AI and scientific publications

Posted on Jan 24, 2024

The apparent “intelligence” of large language models, such as ChatGPT, is impressive. Probably equally impressive is the speed at which such a tool is adopted to help in writing reports, summaries or scientific articles. It is thus not surprising that the word “ChatGPT” was, according to Google trends, the most searched for in the news in France in 2023. Less well known by the general public, but equally impressive, have been the results of AlphaFold in predicting protein structures, surpassing all competing algorithms at its initial launch in 2018. The second version of AlphaFold remained unchallenged in 2020 and AlphaFold 2 remains the basis for new algorithms seeking to predict the structure of protein complexes or the structural variation expected from point mutations.

Are ChatGPT, for text, and AlphaFold for protein structures, success stories likely to be replicated in other domains of the human knowledge ? The cited examples are based on a large corpus of training data, written text for ChatGPT and existing protein structures and multiple sequence alignments for AlphaFold. It is not clear whether the quality and quantity of available results are sufficient in most domains, and particularly in biology. Flawed experimental results would inevitably lead to a biased predictive model. Thus, before the use of the new tools for model training, scientific research most likely needs best quality results, large amounts of data and easy ways to tell if a predictive model is good. It will be thus interesting to see to what extent the availability of tools allowing modeling of various biological data sets will lead to predictive models and how good the predictions of these models will be.

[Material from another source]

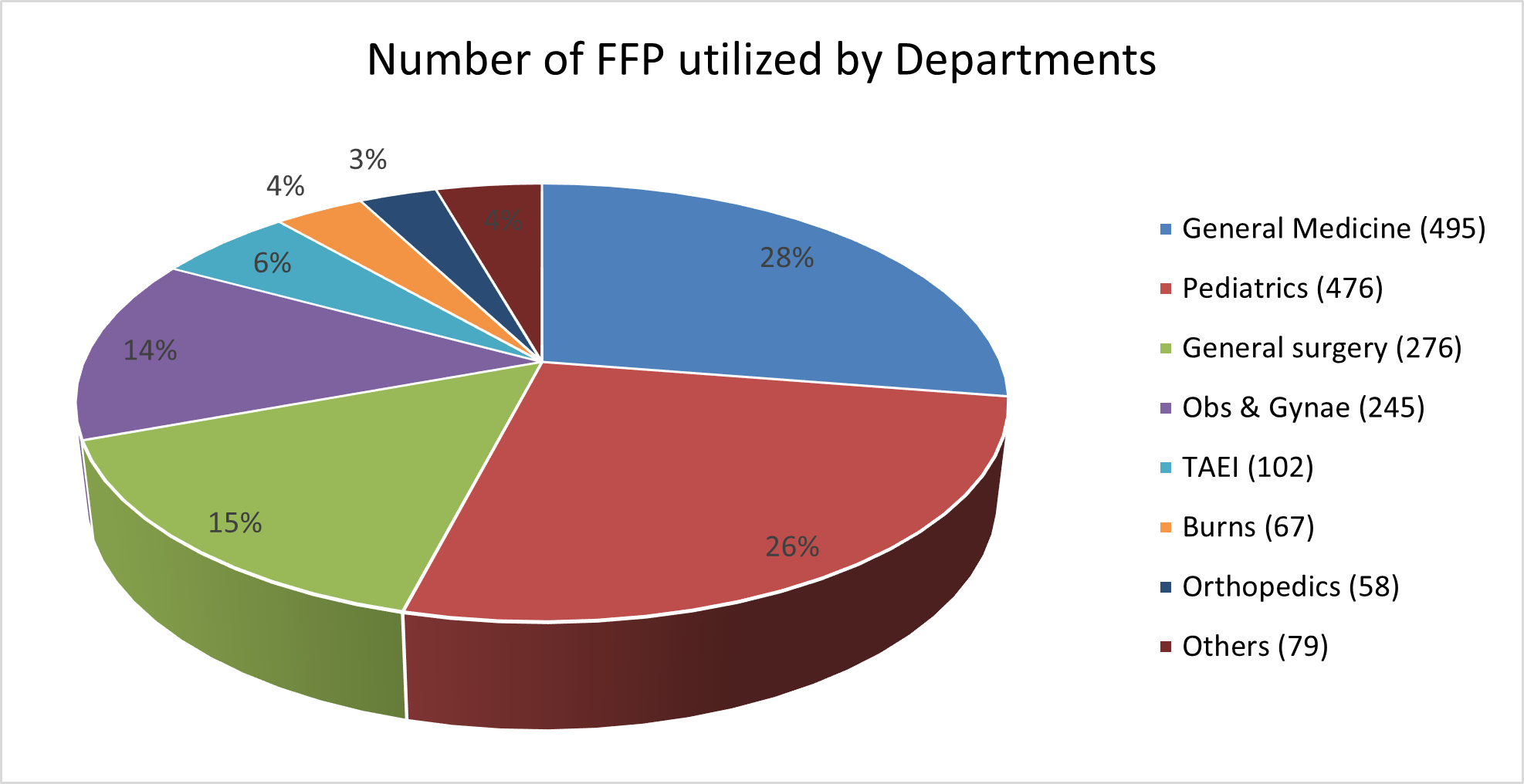 Fig. 3: Specialty-wise utilization of FFP (given as percentage of total FFP utilized)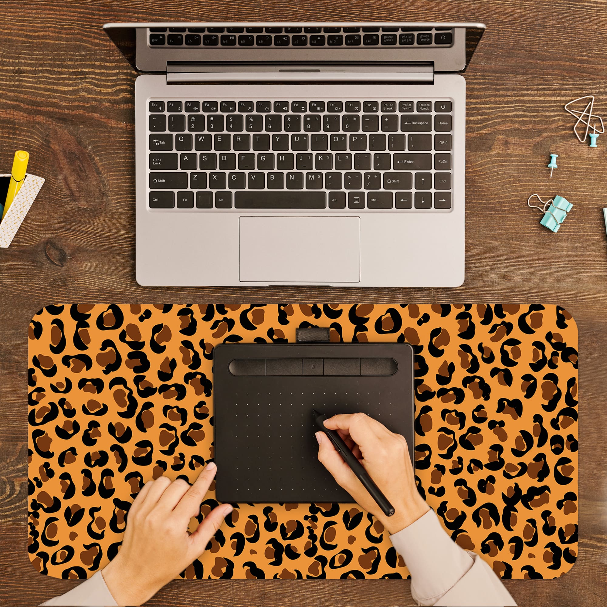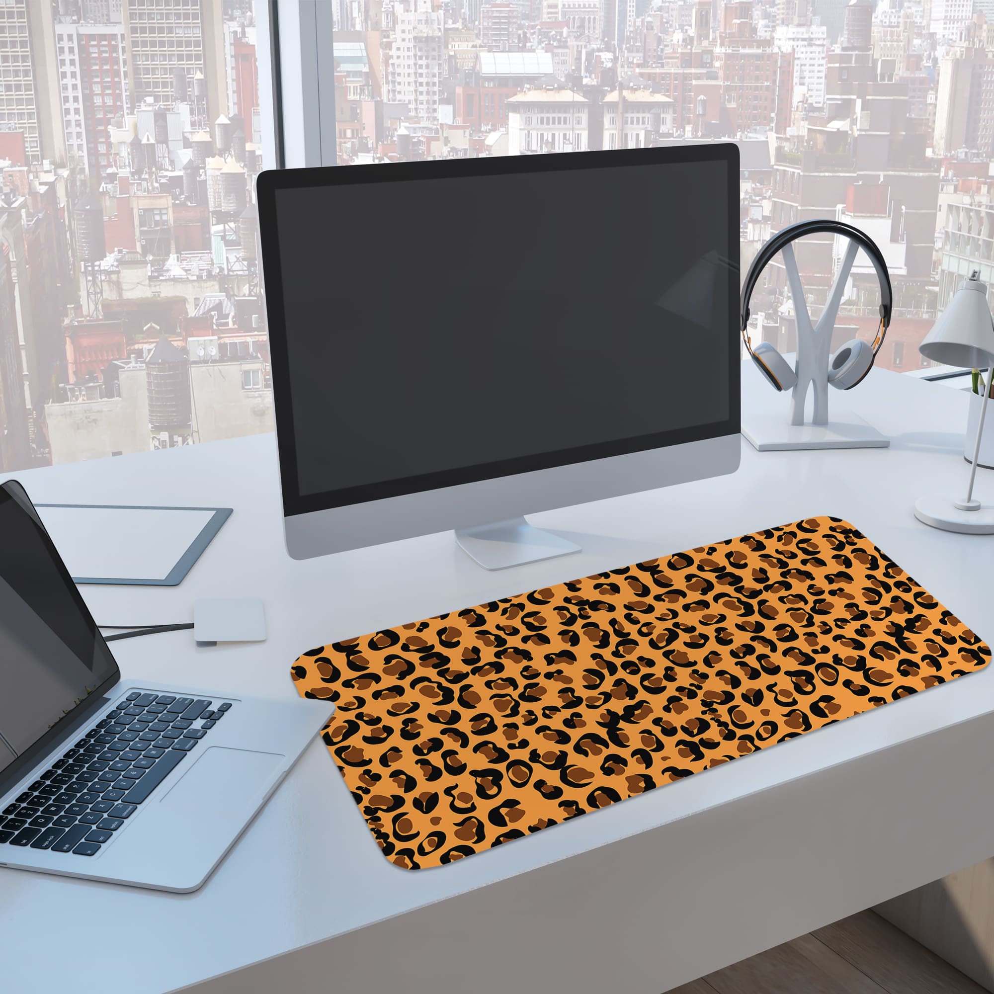 Add a playful and trendy touch to your workspace with this Mini Leopard Print Desk Mat. The design features small, scattered leopard spots on a warm brown background, creating a lively and stylish animal print look.

For the moment, most modeling in biology is descriptive, in that it tries to find the factors that best explain the variability in an experimental data set. A deep understanding of the underlying biology is likely to need the simplest possible model that gives accurate predictions. We are still far from the robot biologist described by the Stephen Oliver lab back in 2004. Until then, ChatGPT might help non-native English speakers loose less time for writing papers and projects. Thus, a disadvantage of non-native English scientists, might be partially corrected by tools similar to ChatGPT. It is to be hoped that in the near future, equivalent tools built by academic laboratories under a collaborative licence would become available.

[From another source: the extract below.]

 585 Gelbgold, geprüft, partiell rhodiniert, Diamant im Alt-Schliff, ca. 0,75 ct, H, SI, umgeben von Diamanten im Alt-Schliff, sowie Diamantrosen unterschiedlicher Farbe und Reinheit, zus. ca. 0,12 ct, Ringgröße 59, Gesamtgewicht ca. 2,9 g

As impressive as ChatGPT may be, it is by no means an artificial general intelligence (AGI), having cognitive functions similar to humans. It is unclear when and if an AGI will be developed. Suffice to say that some of the scientific reasoning can be modeled and self-correcting algorithms, such as the one described 20 years ago as “the robot scientist”. The proof of concept was not truly followed by an explosion of such robot scientists in research laboratories, probably because most of the time the original questions to which a scientific inquiry answers are not known beforehand. What exploded, however, are the amounts of biological results obtained by large-scale approaches and the number of publications describing them. It became increasingly difficult to navigate these results. Active long-term funding of curated biology databases would be crucial to ensure persistence of the obtained results and the possibility of using them. Moreover, this increase in amounts of data also opened a venue for confusion and false conclusions.

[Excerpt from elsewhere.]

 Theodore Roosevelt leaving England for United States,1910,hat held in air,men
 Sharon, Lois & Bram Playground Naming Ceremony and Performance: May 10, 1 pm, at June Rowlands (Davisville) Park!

Peer-reviewing manuscripts that describe large-scale results and their analysis is difficult. This explains why even the most famous scientific journals publish a fraction of papers in which improper use of statistical tools on effects of low lead to conclusions that are factually wrong. The authors themselves may be unaware of the errors that were done and take the results in good faith as the basis for further research, which leads to important financial and work time losses. A better understanding of the limits of the statistical methods employed widely in biology would be required at all levels to minimize such losses.